Disturbed supply chain disruptions by manufacturers and retailers around the world are likely to work themselves out in the next few months, the chief executives of the largest banks in the United States have said.
“It won’t be a problem at all next year,” said Jamie Dimon, chief executive of JPMorgan Chase, at the Institute of International Finance conference this week. “It’s the worst part of it and the great market system will adjust for it.”
Nevertheless, the chief executives of Bank of America and Wells Fargo admitted in comments at the IIF conference that they had initially underestimated how much labor and equipment shortages would worsen the global supply chain.
“Six months ago when it was raised to me by clients across the country. . . You never thought it would get so bad, “Bank of America chief executive Brian Moynihan said on Tuesday.
Charlie Schoff, chief executive of Wells Fargo, expressed similar surprise at the extent of the disruption, but said he believed the problems were “temporary”.

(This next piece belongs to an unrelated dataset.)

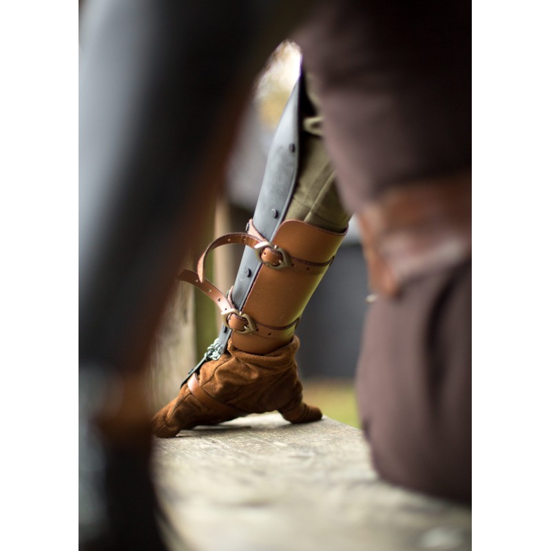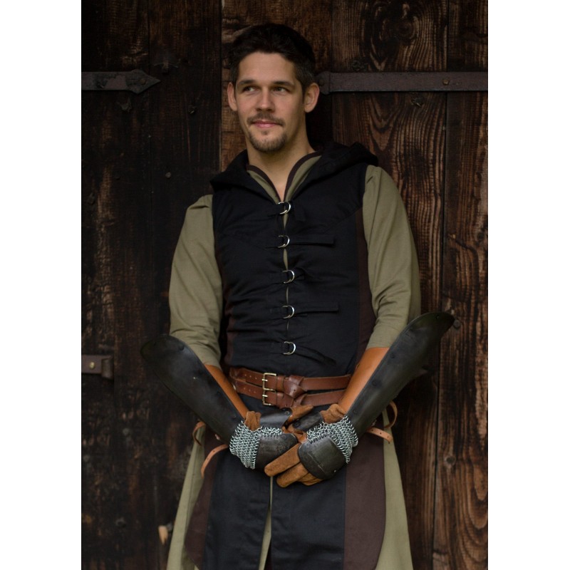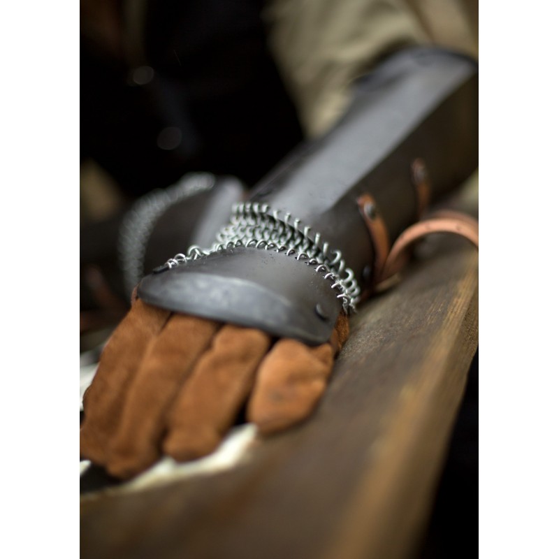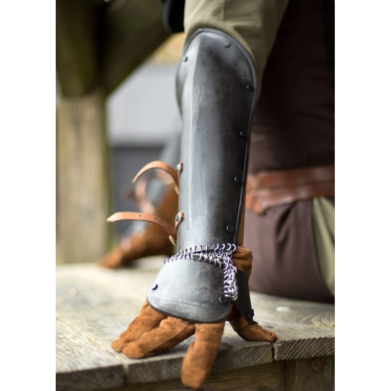 La protección de brazo Bazuband de acero oscuro de Epic Armoury es ideal para aquellos que buscan una alternativa más ligera a los guanteletes. Esta pieza de armadura protege eficazmente el antebrazo, el pulgar y el dorso de la mano contra golpes de espada y otros impactos. Al estar fabricada con acero oscuro de 1 mm de grosor, remaches y bordes lisos, es segura para usar con armas de LARP. Las correas de cuero con hebillas permiten un ajuste personalizado, y las cadenas que conectan los brazales con la protección de mano ofrecen libertad de movimiento y protección adicional.
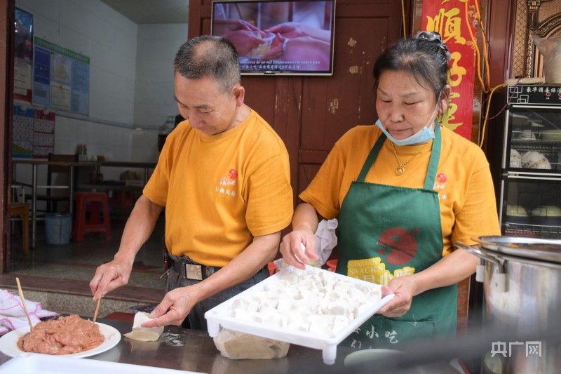 俞邦村里,俞和传夫妻二人正在制作沙县小吃(央广网记者 龚雯摄)

The Wall Street comments come as the Biden administration is increasingly concerned that disruption of the supply chain could affect economic recovery.
The White House created a supply chain disruption taskforce in June to try to address some backlogs, from transportation to food processing and semiconductors, but the trend has not reversed.
As a sign of growing concern about the disruption, President Joe Biden will meet with top officials and other stakeholders on Wednesday to discuss “a concerted effort to remove the barriers to global transport supply discipline.”
Banks such as JPMorgan and Wells Fargo are in constant contact with commercial clients through their large commercial financing and cash management businesses, which has kept them close to the pulse of their economic threat.
“I think we understand the complex interconnection of the global supply chain and that way. People probably don’t do it more broadly,” Scarf said. Trying to add to inventory very quickly. “
Backlogs in factory, port and trucking displays have been wreaking havoc on the supply chain since the end of last year, when consumer demand from the depths of the epidemic re-emerged, dramatically surpassing supply. This trend, including labor shortages, has contributed to a significant increase in transportation costs.
Retailers responded by creating stocks, resulting in ballooning inventory and off-season promotional sales.
Moynihan said it would be too early to say whether the deficit would lead to a price increase that makes the products unreasonable: “This is a serious concern right now.”